Group movements. There are some movements in individuals of a community which are determined by some purpose of benefit to the community. We term this phenomenon the group psyche or soul. You find it in the termites, ants, baboons, apes, and in all animals which live in groups or are gregarious.
Then lastly:
The psyche of individual memory that is the psyche of the primate, man and the apes, baboons and monkeys.
When you live with baboons you very soon see that the difference between the psyche of the lowest baboon and the highest mammal (the dog or otter, for instance) is far greater than the difference between the psyche of the baboon and that of man.
What exactly is the difference? We know that the difference is there, but to put our meaning into words is difficult at first. A great deal of very patient work was necessary to enable me to write down in black and white of what the difference consists.
If you ask scientists what the psychological difference is between a baboon and an otter, nine out of ten will say that the baboon possesses powers of reasoning and intelligence, which the otter lacks. It would be just as clear if they said the baboon is a baboon and the otter is an otter. Neither answer takes you very far. Another scientist may say that a baboon can learn new habits more easily than an otter. This is more enlightening but does not help us a great deal.
Let us look at this race memory carefully and see what the result of it is in nature. Let us take a land bird that can fly and is very much the same in every respect as other land birds. Gradually our bird begins finding food on the beach. After millions of years he learns to catch fish in fairly deep water. As soon as this becomes a fixed habit natural selection begins to operate. The deeper the bird goes into the water, the more chance he will have of survival if he is equipped for his new life physically and psychologically. And so it goes on for another million years. The bird loses his wings, they now serve as oars; he loses his feathers, which become down; his legs become adapted for swimming and at last we have the penguin. By the way, you will see I adhere to Darwins theories: I never saw very much in those of De Vries. If we observe the penguin or the otter, for all that I have said applies to both, we notice several important facts.

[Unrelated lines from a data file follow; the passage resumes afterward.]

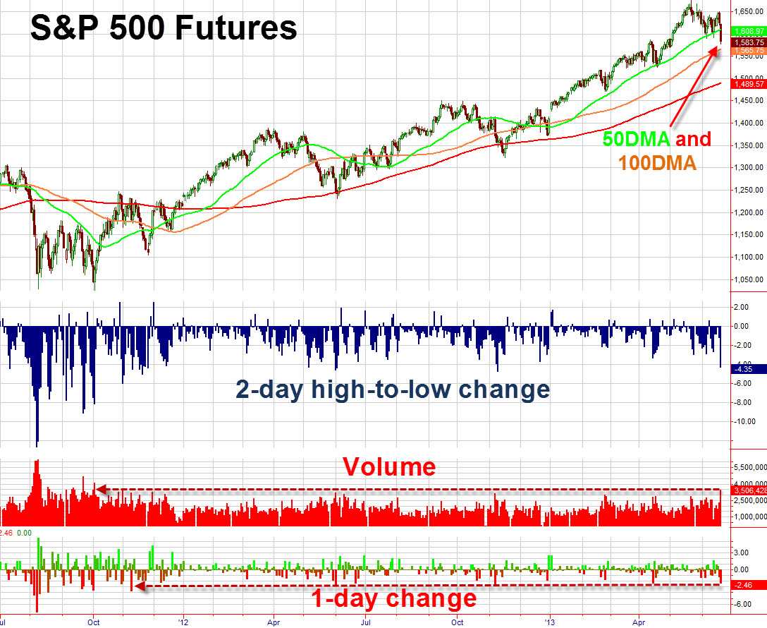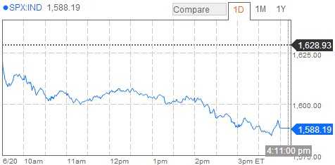 标普500指数跌2.5%,创下2011年11月以来最大单日跌幅。标普500指数收于50日移动均线之下,仅为年内第二次,且为5月2日来首次收于1,600点下方。
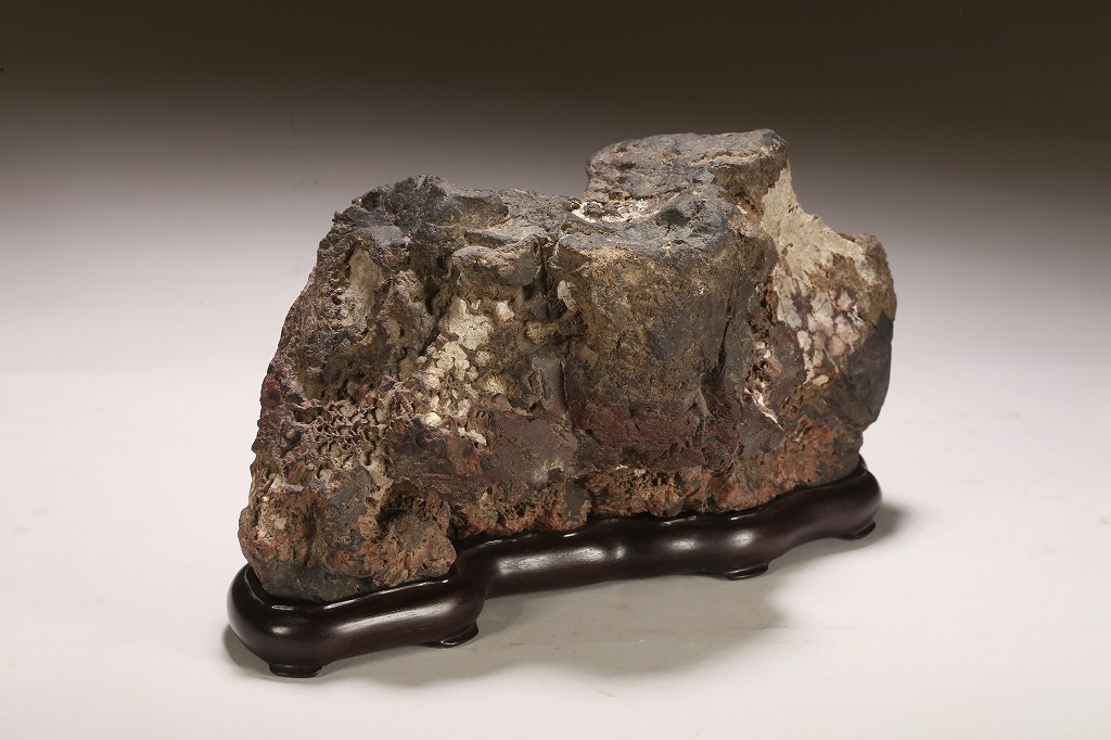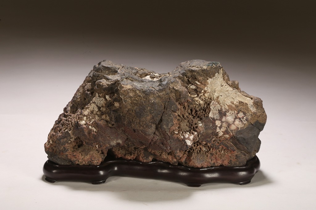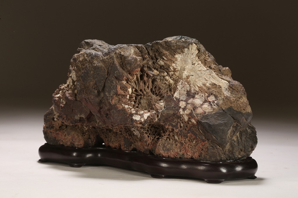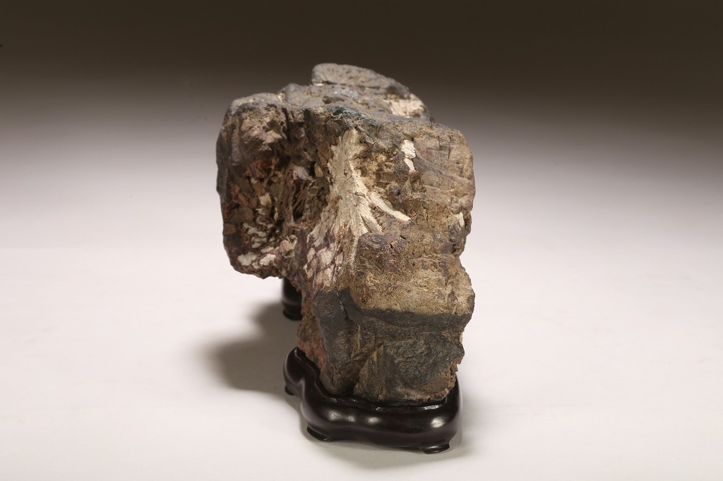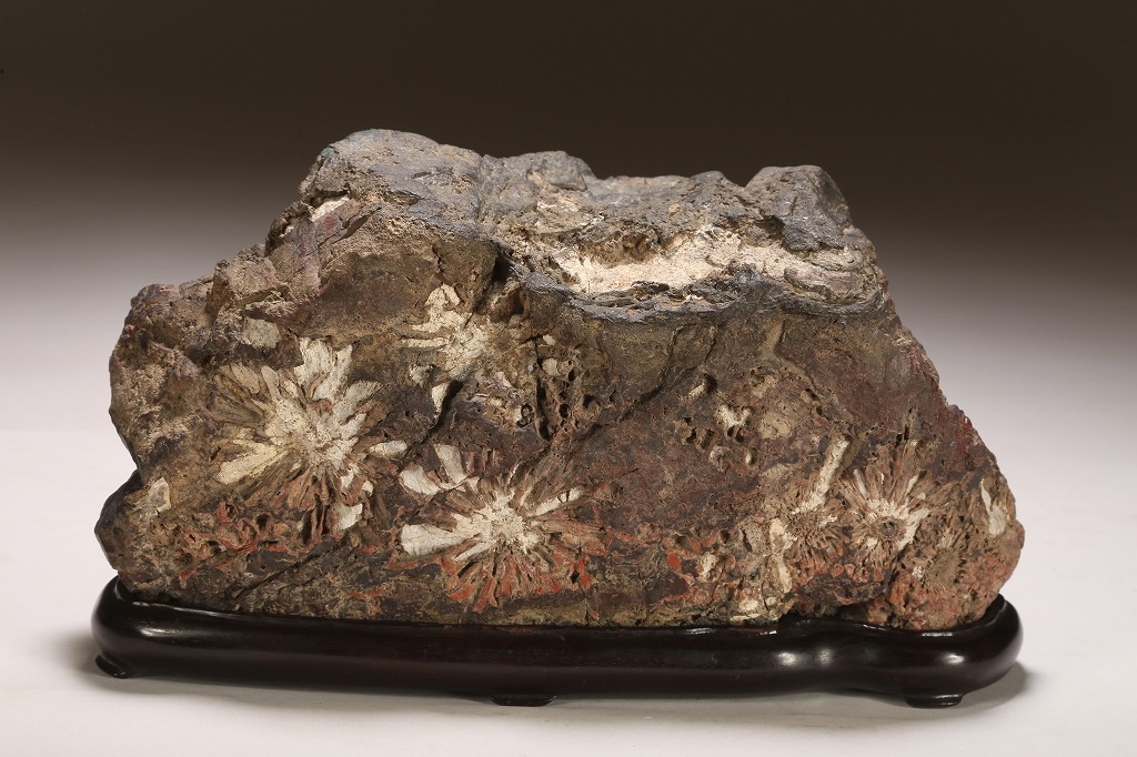 深味のある母岩の石質と色調、菊花石の最上質と言われる根尾谷に産したこの石は、石の各所に渋みある白色の菊花を見せています。紋様石としてどちらかと言えば派手な菊花が多い中、このような侘び寂びを感じさせる石は、往時より盆栽愛好家が好むものでした。底部に至るまで加工なき天然石。目利き必見の一石です。
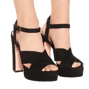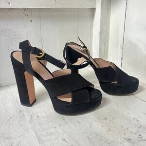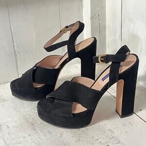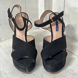 Stuart Weitzman Joni Suede Ankle Strap Platform Sandals Black Womens Size 40 / 9
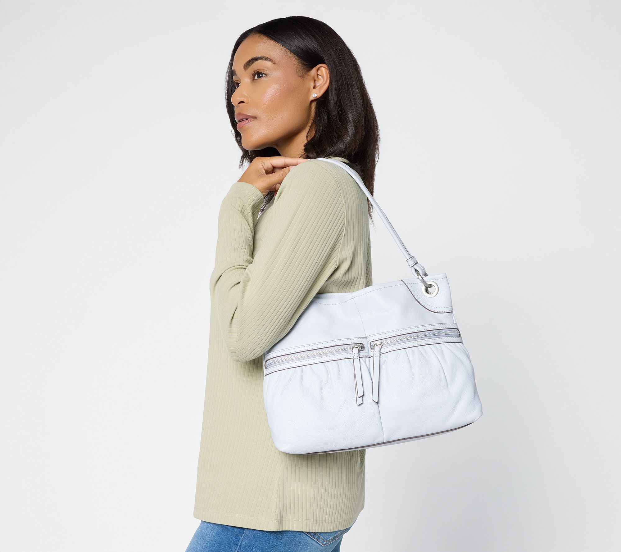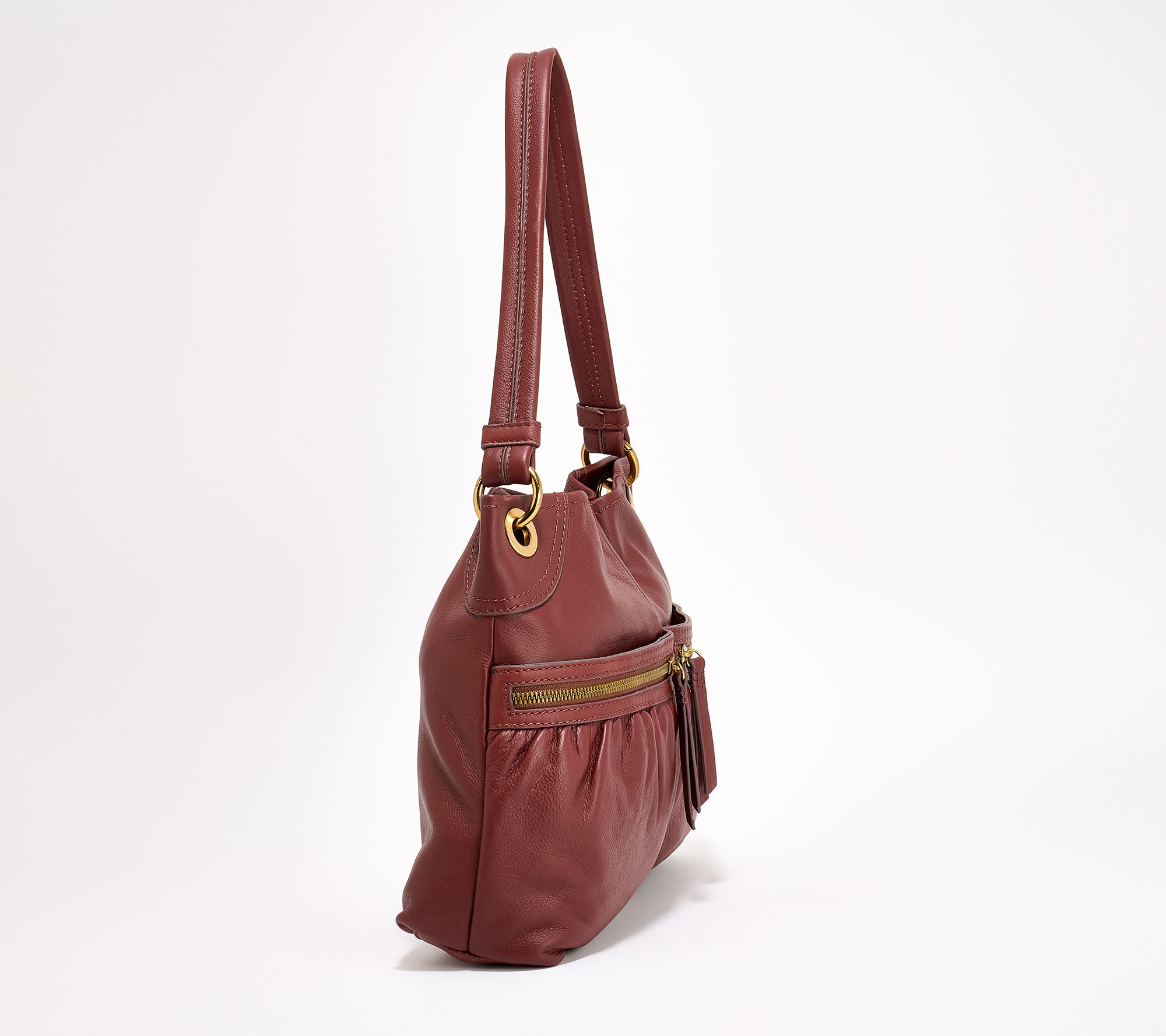 Organization -- it's in the bag! You've got must-haves, and Amber masterfully makes room for it all with multiple pockets inside and out. This leather shoulder bag keeps essentials close with a statement-making silhouette you'll reach for on the daily. From American Leather Co.

If any sudden change occurs in their environment, they are completely at sea. Let me give you an example of the otter in these conditions. Once in the Waterberg during a drought which lasted for four years and when all the streams became stagnant you would find otters all over the veld adjacent to the big waterways. There were still pools of water, but these contained no fish or crabs. The otter is a nimble creature, and you can teach him to catch birds and other small land animals in the same way as a cat does. But he cannot teach himself to do this. Hundreds of these wild otters died in the midst of plenty. At this time I managed to get hold of a pair of newly born otters. One of these I sent to Sprinbokvlakte, thirty miles from the nearest running water. As he was dug out of the nest shortly after birth, he had never seen a river. A bitch reared him with her own litter. He never saw or was given food other than raw meat, birds and other land animals, and he never saw water except when it was given to him in a dish to quench his thirst.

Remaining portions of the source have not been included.